[Input data]
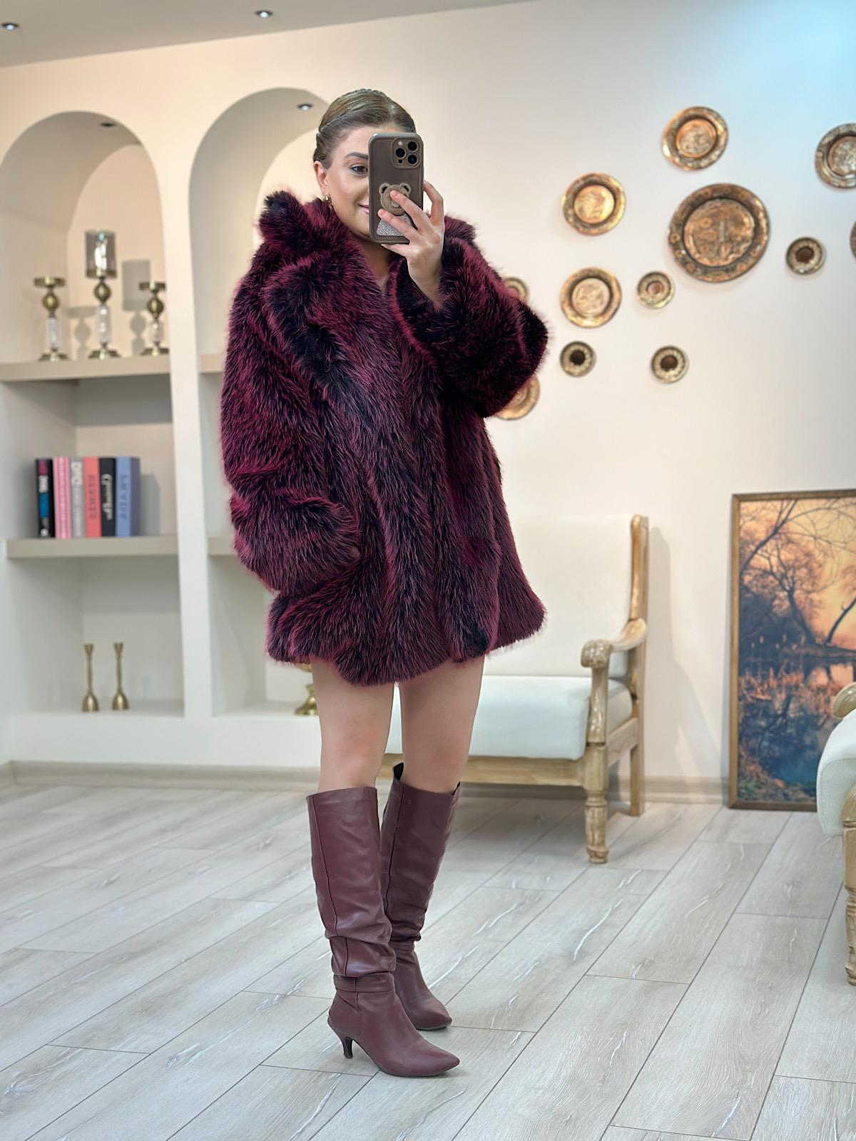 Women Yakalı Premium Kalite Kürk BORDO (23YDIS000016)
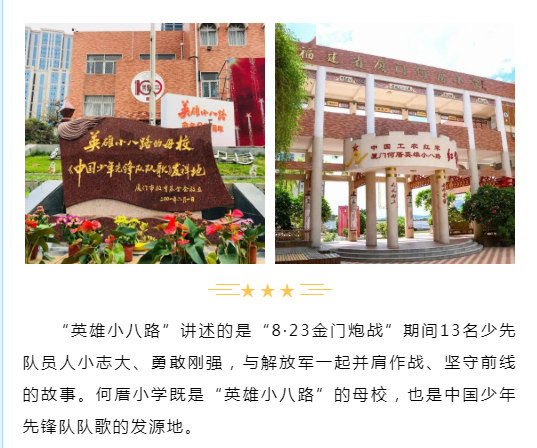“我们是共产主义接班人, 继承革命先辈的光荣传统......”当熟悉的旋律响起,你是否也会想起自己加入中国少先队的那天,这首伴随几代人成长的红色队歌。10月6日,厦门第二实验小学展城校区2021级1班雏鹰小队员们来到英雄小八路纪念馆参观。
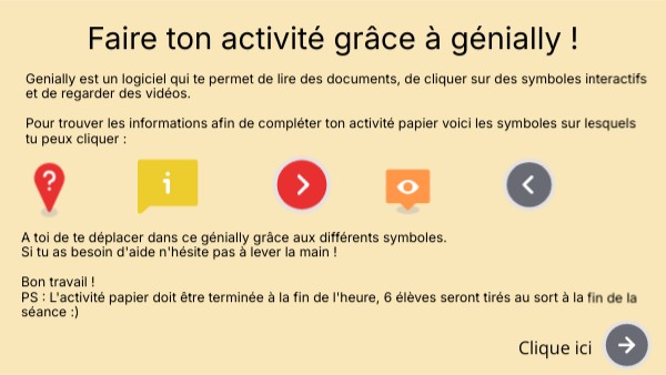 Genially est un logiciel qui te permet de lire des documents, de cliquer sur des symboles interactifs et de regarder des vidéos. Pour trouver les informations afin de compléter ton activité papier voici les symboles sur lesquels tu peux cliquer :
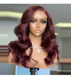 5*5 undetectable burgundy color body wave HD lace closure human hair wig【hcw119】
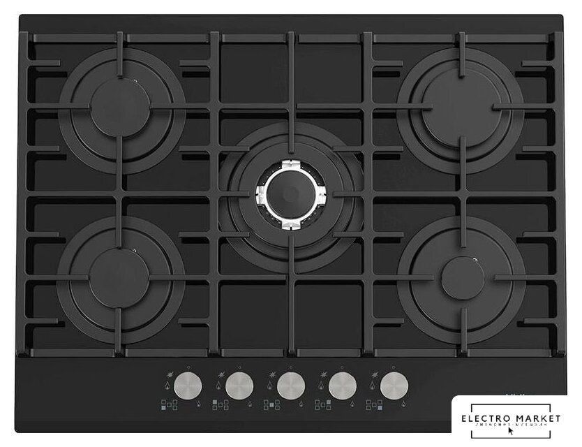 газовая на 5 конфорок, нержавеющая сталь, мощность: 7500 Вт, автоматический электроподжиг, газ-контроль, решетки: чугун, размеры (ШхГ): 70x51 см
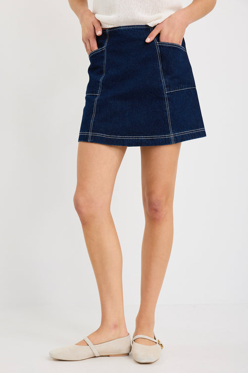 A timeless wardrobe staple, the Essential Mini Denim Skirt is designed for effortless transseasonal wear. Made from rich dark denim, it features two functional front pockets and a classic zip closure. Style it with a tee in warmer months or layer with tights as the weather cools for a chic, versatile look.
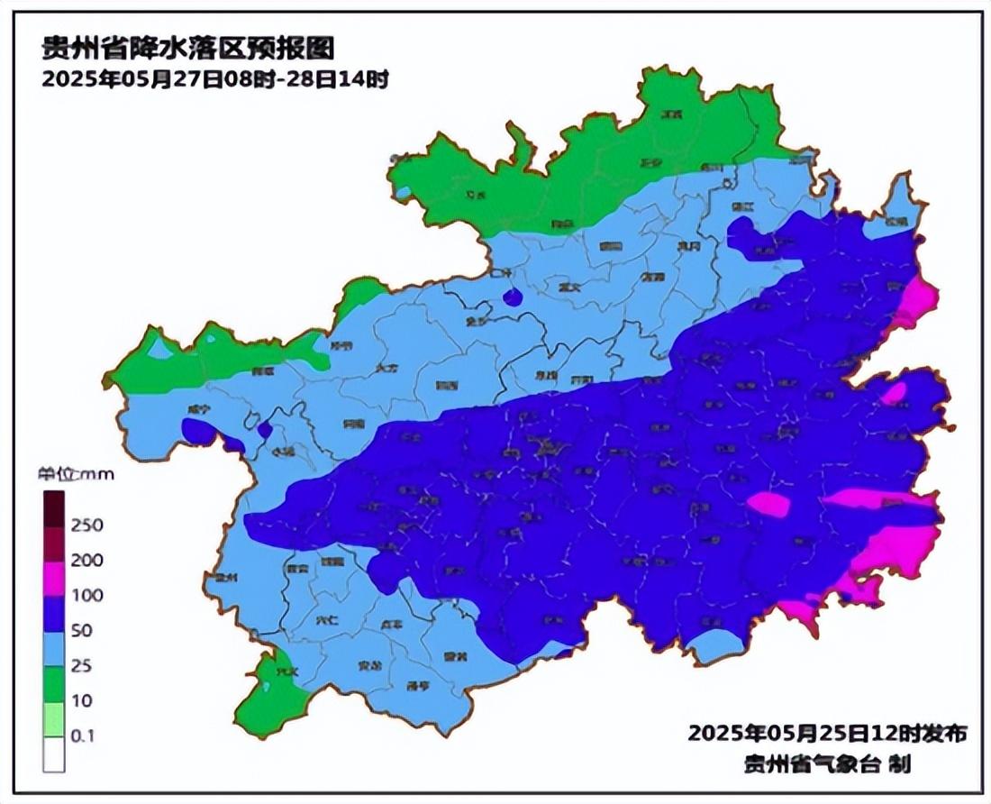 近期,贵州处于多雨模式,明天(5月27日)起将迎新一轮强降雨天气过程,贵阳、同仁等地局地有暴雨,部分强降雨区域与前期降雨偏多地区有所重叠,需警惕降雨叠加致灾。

* * *

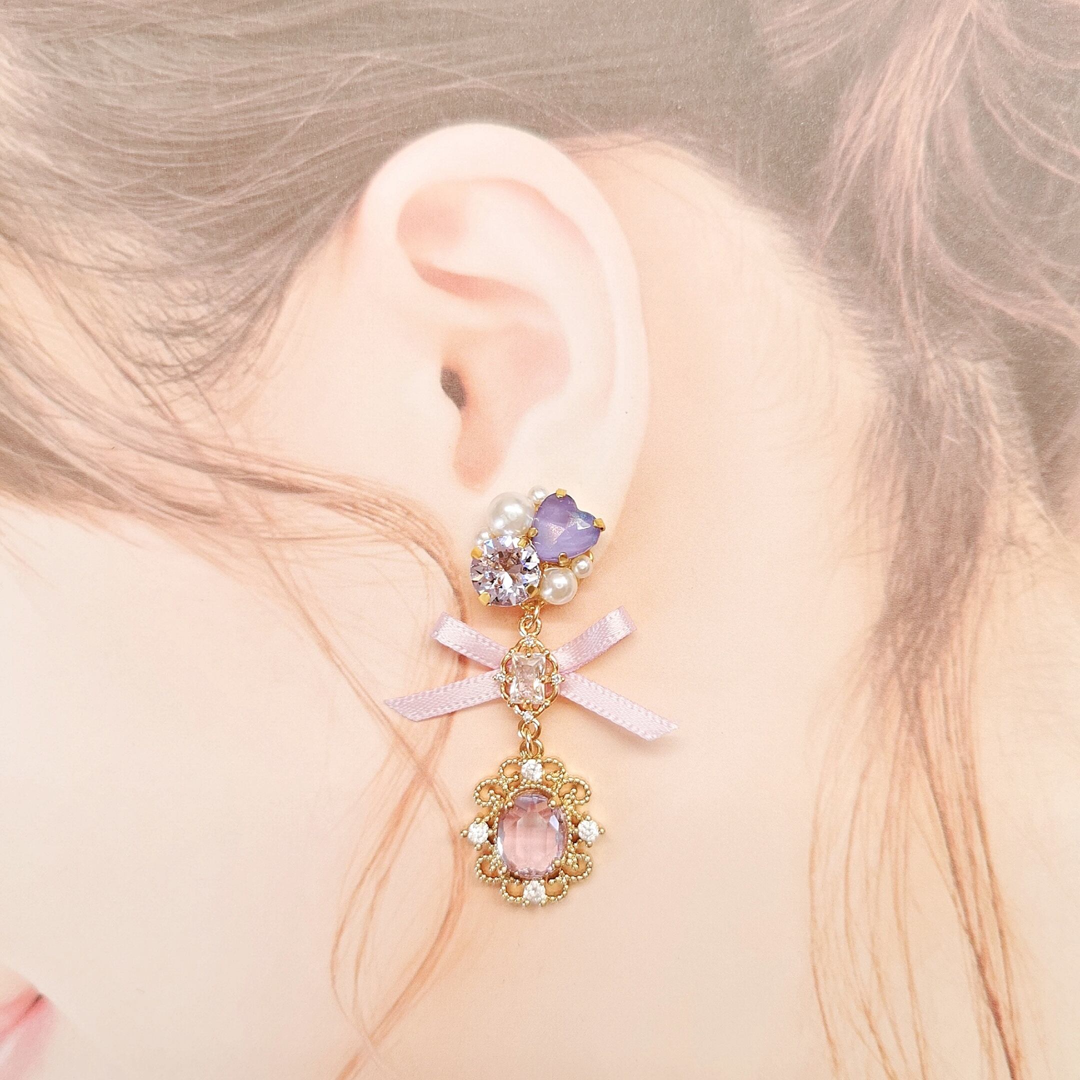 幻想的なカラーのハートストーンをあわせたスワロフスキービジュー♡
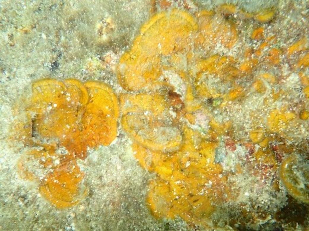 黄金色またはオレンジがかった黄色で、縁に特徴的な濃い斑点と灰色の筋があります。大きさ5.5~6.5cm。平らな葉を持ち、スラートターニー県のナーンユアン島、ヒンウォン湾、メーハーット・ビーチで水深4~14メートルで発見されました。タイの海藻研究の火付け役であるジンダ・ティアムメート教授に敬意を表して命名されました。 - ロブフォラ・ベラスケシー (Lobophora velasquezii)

[Your instructions]
Output exactly, and only, the lines of the entries above from the one with "Women Yakalı Premium" up to and including the one with "5*5 undetectable burgundy"; pictures are to be left out.

[Task output]
 Women Yakalı Premium Kalite Kürk BORDO (23YDIS000016)
“我们是共产主义接班人, 继承革命先辈的光荣传统......”当熟悉的旋律响起,你是否也会想起自己加入中国少先队的那天,这首伴随几代人成长的红色队歌。10月6日,厦门第二实验小学展城校区2021级1班雏鹰小队员们来到英雄小八路纪念馆参观。
 Genially est un logiciel qui te permet de lire des documents, de cliquer sur des symboles interactifs et de regarder des vidéos. Pour trouver les informations afin de compléter ton activité papier voici les symboles sur lesquels tu peux cliquer :
 5*5 undetectable burgundy color body wave HD lace closure human hair wig【hcw119】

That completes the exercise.